Treatment Risks vs Benefits
Although inclusion of QOL outcomes should be considered when making treatment decisions for diseases such as low-grade NHL, patients' preferences for the trade-off between treatment risks and benefits should also be considered. However, because current methods for assessing utilities are complex and may be impractical in some settings,[3] further methodologic research is needed to improve assessment techniques.
Patients need to be well informed of the consequences of a particular treatment decision, but they also need to be aware of the beneficial effects treatments can have on the disease process. Active involvement in group, individual, and/or personalized psychosocial intervention programs can be a useful adjunct to traditional medical treatment.
Unfortunately, for many patients, these types of programs are not available or affordable. Future research needs to definitively determine the cost-efficacy of these intervention programs so that they can be made available to all patients battling life-threatening illnesses.

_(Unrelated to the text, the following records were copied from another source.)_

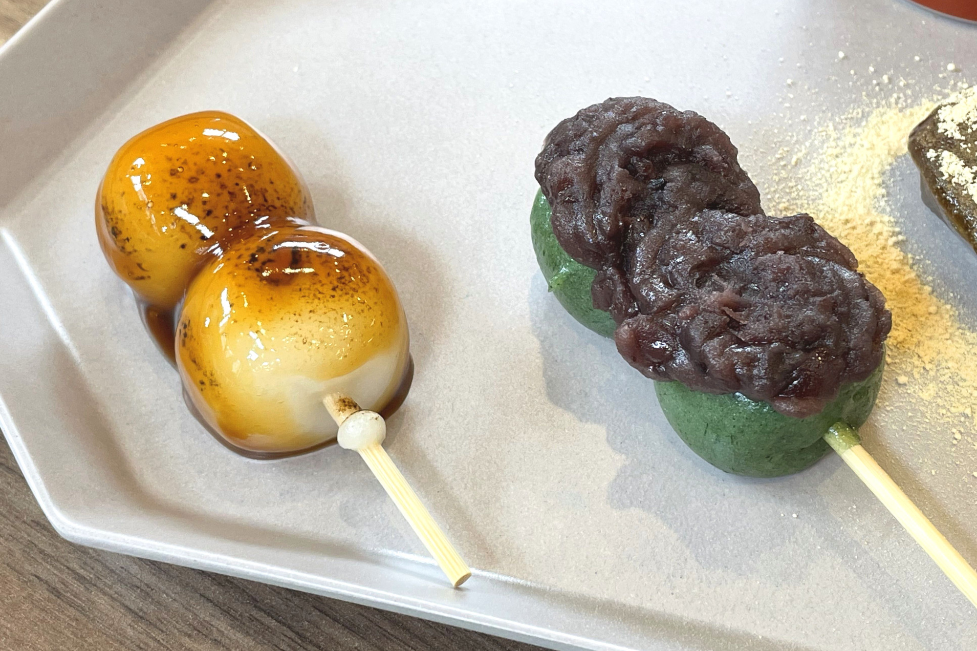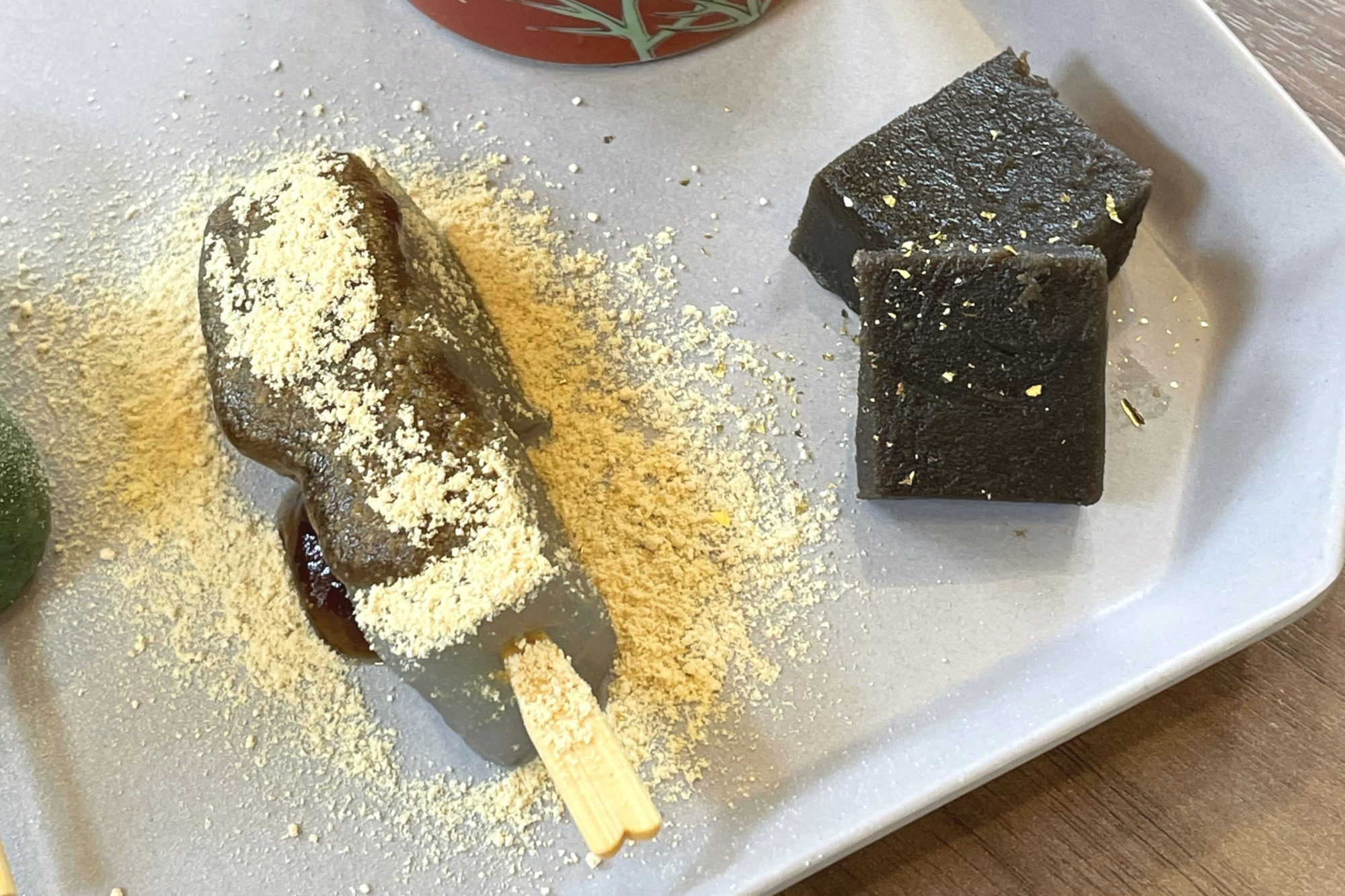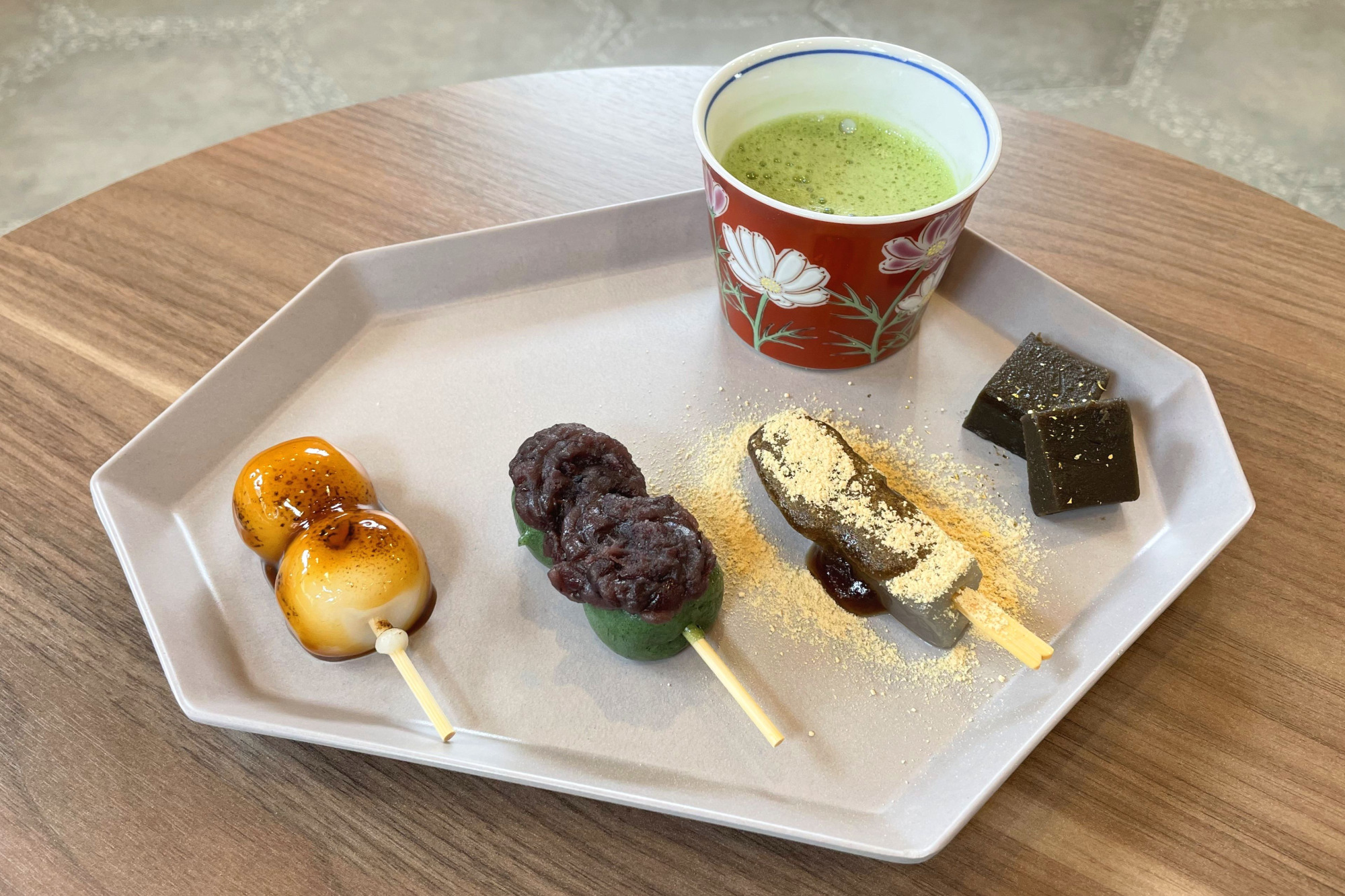 「武家屋敷プレート」は、団子2種類とわらび餅、チョコ羊羹、お抹茶がセットになっています。これがどれもホントに美味しい~♡お団子は滑らかでモッチモチ!一口で感動する美味しさです。きなこがかかったわらび餅に、和と洋がコラボしたチョコ羊羹も絶品でした。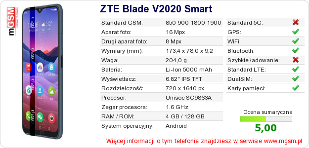Dane telefonu ZTE Blade V2020 Smart na Twojej stronie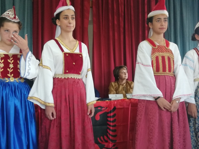 Ad inaugurare l’incontro, svoltosi presso una gremita sala del consiglio “A. Santo” del comune albanofono, l’inno albanese eseguito dalle ragazze del locale Istituto scolastico, seguito dall’inno della Rassegna Culturale folcloristica per la tutela delle minoranze etniche, manifestazione che ha reso famosa la professoressa Mazzei e la cittadina di Caraffa.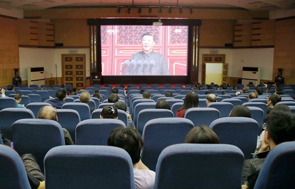 習(xí)近平主席的講話句句鏗鏘,直抵人心,“沒有任何力量能夠撼動我們偉大祖國的地位,沒有任何力量能夠阻擋中國人民和中華民族的前進(jìn)步伐”,“中國的昨天已經(jīng)寫在人類的史冊上,中國的今天正在億萬人民手中創(chuàng)造,中國的明天必將更加美好?!薄安煌跣摹⒗斡浭姑^續(xù)把我們的人民共和國鞏固好、發(fā)展好,繼續(xù)為實現(xiàn)‘兩個一百年'奮斗目標(biāo)、實現(xiàn)中華民族偉大復(fù)興的中國夢而努力奮斗!”等講話在師生中引起熱議。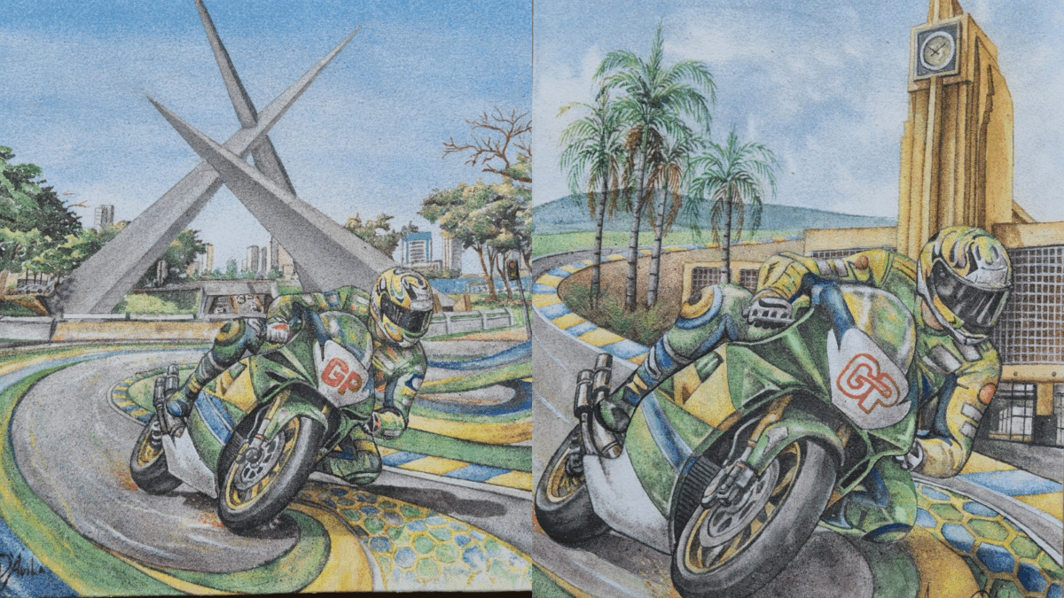 Auriovane D’Ávila cria obras em areia colorida que dialogam com o MotoGP, entregues ao CEO da categoria pelo governador Ronaldo Caiado.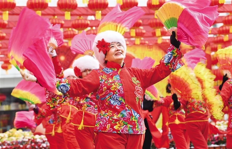 2月14日,演員們在內蒙古展覽館廣場上跳起歡快的舞蹈。當日,內蒙古展覽館開展“傳統(tǒng)文化月月傳”邀您一起鬧元宵活動。記者 王磊 攝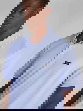 Cotton Regular Fit Short Sleeve Zip Neck Polo Shirt, Zen Blue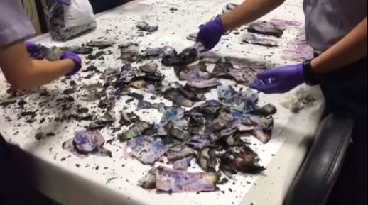 百萬現鈔」到一間土地公廟焚燒,警方到場後從香爐中挖出燒毀的鈔票,目前仍有部分紙鈔餘燼仍待鑑定。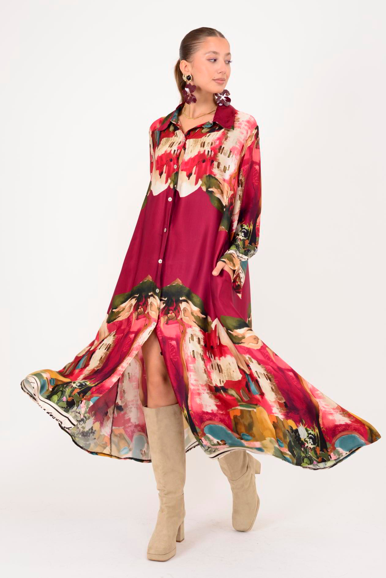 2743 LOVA SATEN GÖMLEK ELBİSE (25Y.T.ELB.00461-018)
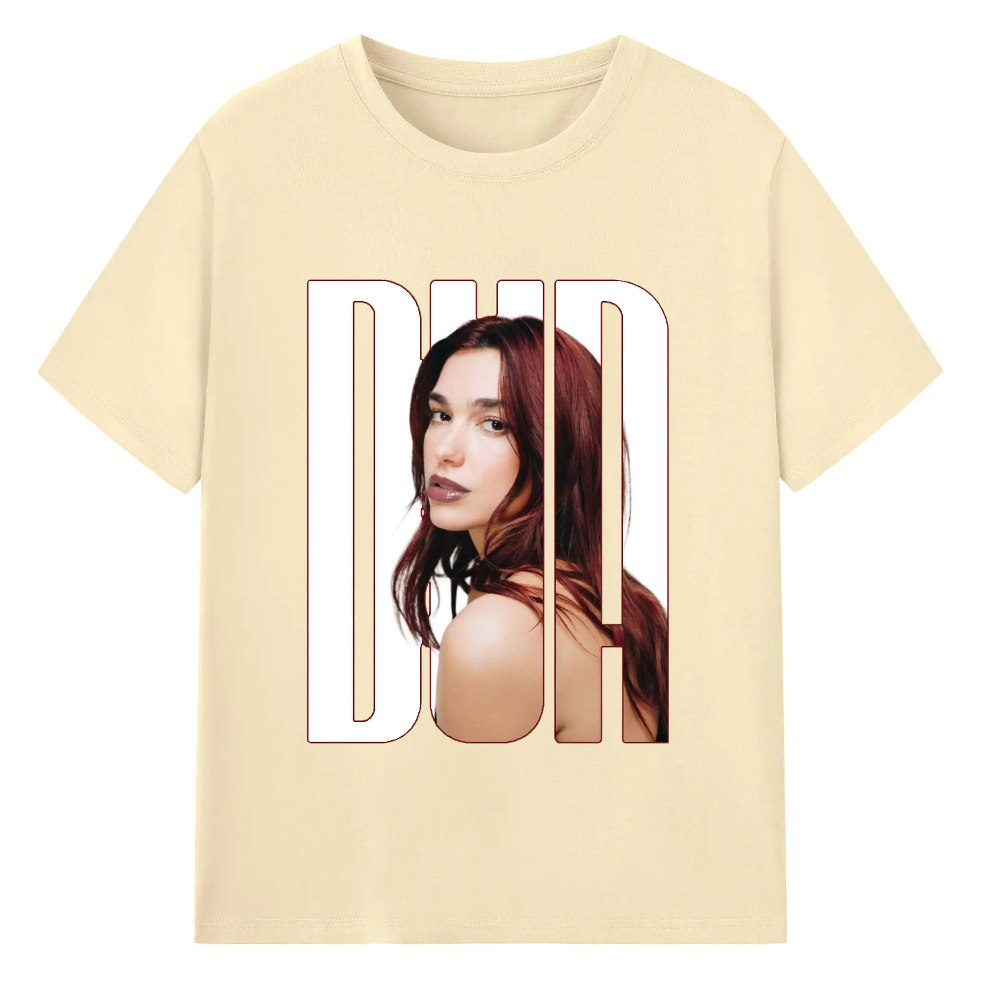 Trendy Dua Lipa-Inspired Artistic DIY - 180g Cotton T-Shirt With Front Heat Transfer Print – Soft, Lightweight, Fitted Design – Comfortable Casual Wear For Sports & Everyday Use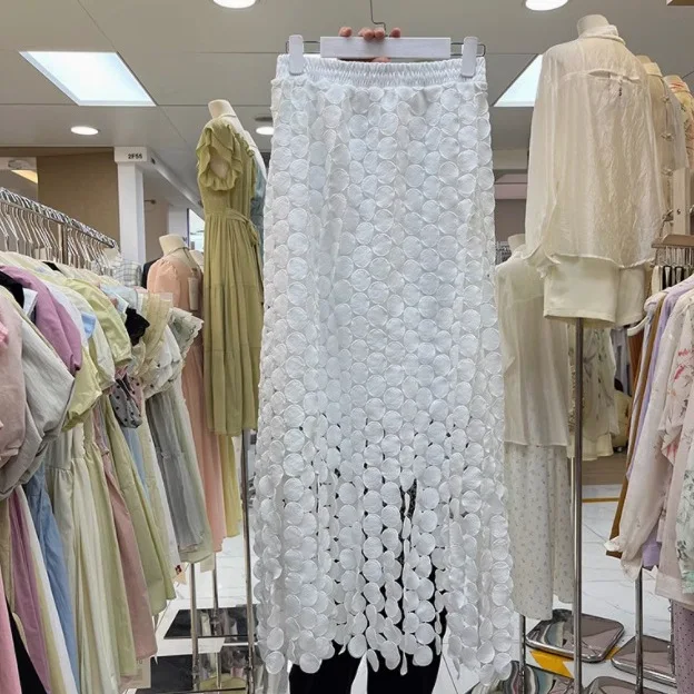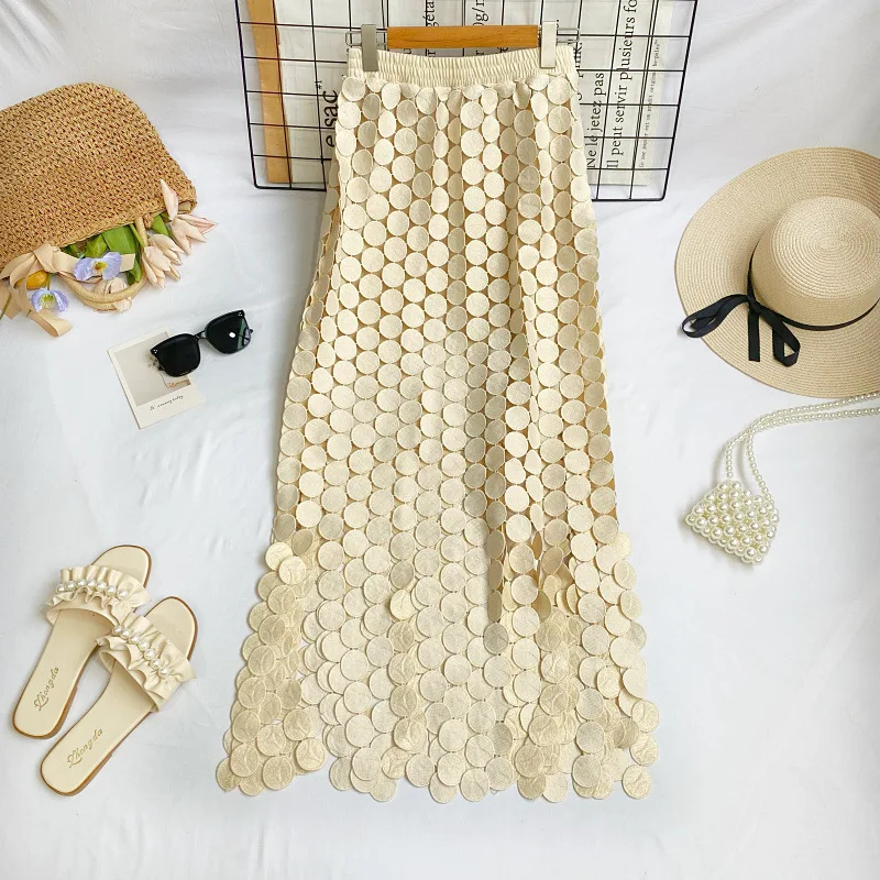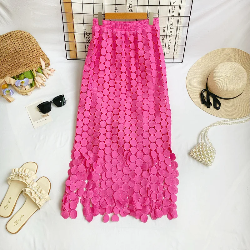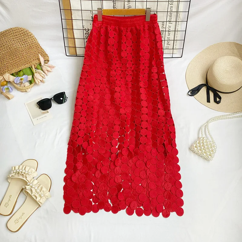 Summer New Fashion Women's High Waist Tassel Skirt French A-Line Irregular Hollow-out High-grade Plain Dyed Casual Style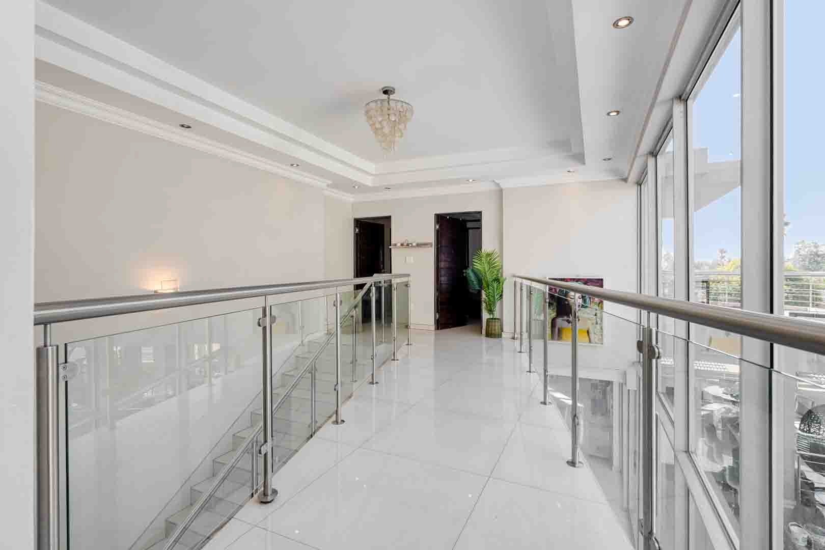 Nestled within a secure, gated road with 24-hour access control, this exquisite multi-storey home offers refined living in a tranquil setting. A private pan-handle driveway leads you to a magnificent residence that is fully tiled throughout, showcasing seamless indoor-outdoor living and an entertainer’s dream. Equipped with a generator and Inverter.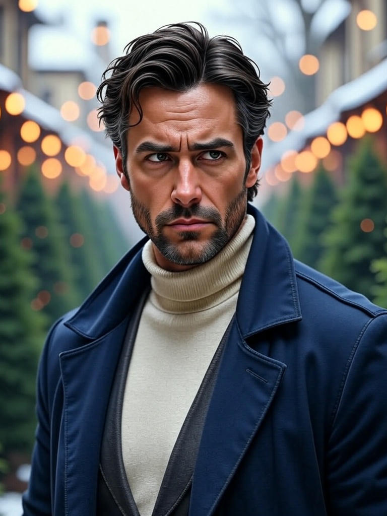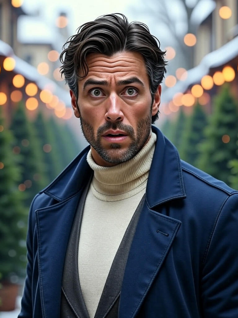 In early December, you want to buy a Christmas tree at the small Christmas market square. You pull out one that's a bit too big... and BAM, the whole row falls like dominoes! And then... a slow-motion disaster: the entire row starts collapsing. People step back, children scream, a vendor panics. And the last tree, the most massive one, the kind that looks like it was sponsored by the National Forestry Office... tips right over onto a man behind the pile. A man in his forties, dark coat, impeccable scarf, a killer glare. He straightens up, stares at you, and says sharply: Are you planning to knock down any more, or are we done here?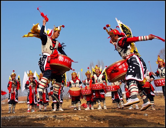The drum dance Luochuan Bie Drum is a national intangible heritage. "Bie" means "to jump" in the dialect of Shaanxi and this dance is characterized by jumping movements. Bie drum dance comes from the evolution matrix troops.
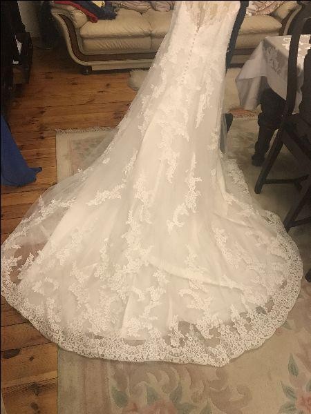 Sprzedam suknię ślubną PRONOVIAS z kolekcji 2018 r. Suknia jest w rozmiarze 40-42 (106-110 biust) szyta na ok. 170 cm z obcasami. Suknia w kształcie litery A jest pokryta przepiękną koronką i posiada tren. Kolor IVORY. Suknia jest uszkodzona w jednym miejscu - powiększona delikatna dziurka przy podpince do trenu (zdjęcie). Koszt naprawy u krawcowej 100 zł. Suknia bardzo wygodna, lekka. Zachęcam. Cena do negocjacji!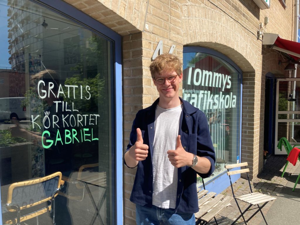 Precis som sin syster, ett par år tidigare, valde musicerande Gabriel att komma till oss på Tommys för att lära sig köra bil. Och lika duktig som sin syrra och målmedveten var även han! Körkortet behövde han även till lumpen, så vi hade ett tydligt mål. Gabriel tog körkort för manuell bil. Grattis!

1. Nayfield SG, Ganz PA, Moinpour CM, et al: Report from a National Cancer Institute (USA) workshop on quality of life assessment in cancer clinical trials. Qual Life Res 1:203-210, 1992.
2. Cantor SB: Decision analysis: Theory and application to medicine. Prim Care 22:261-270, 1995.
3. Weeks J: Taking quality of life into account in health economic analyses. J Natl Cancer Inst Monogr 20:23-27, 1996.
4. Andersen BL: Psychological interventions for cancer patients to enhance the quality of life. J Consult Clin Psychol 60(4):552-568, 1992.
5. Fawzy IF, Fawzy NW, Arndt LA, et al: Critical review of psychosocial interventions in cancer care. Arch Gen Psychiatry 52:100-113, 1995.
6. Meyer TJ, Mark MM: Effects of psychosocial interventions with adult cancer patients: A meta-analysis of randomized experiments. Health Psychol 14(2):101-108, 1995.
7. Baum A, Herberman H, Cohen L: Managing stress and managing illness: Survival and quality of life in chronic disease. J Clin Psychol Med Set 2(4):309-333, 1995.
8. Fawzy FI, Fawzy NW, Hyun CS, et al: Malignant melanoma: Effects of an early structured psychiatric intervention, coping, and affective state on recurrence and survival 6 years later. Arch Gen Psychiatry 50:681-689, 1993.
9. Spiegel D, Bloom JR, Kraemer HC, et al: Effect of psychosocial treatment on survival of patients with metastatic breast cancer. Lancet 2:888-891, 1989.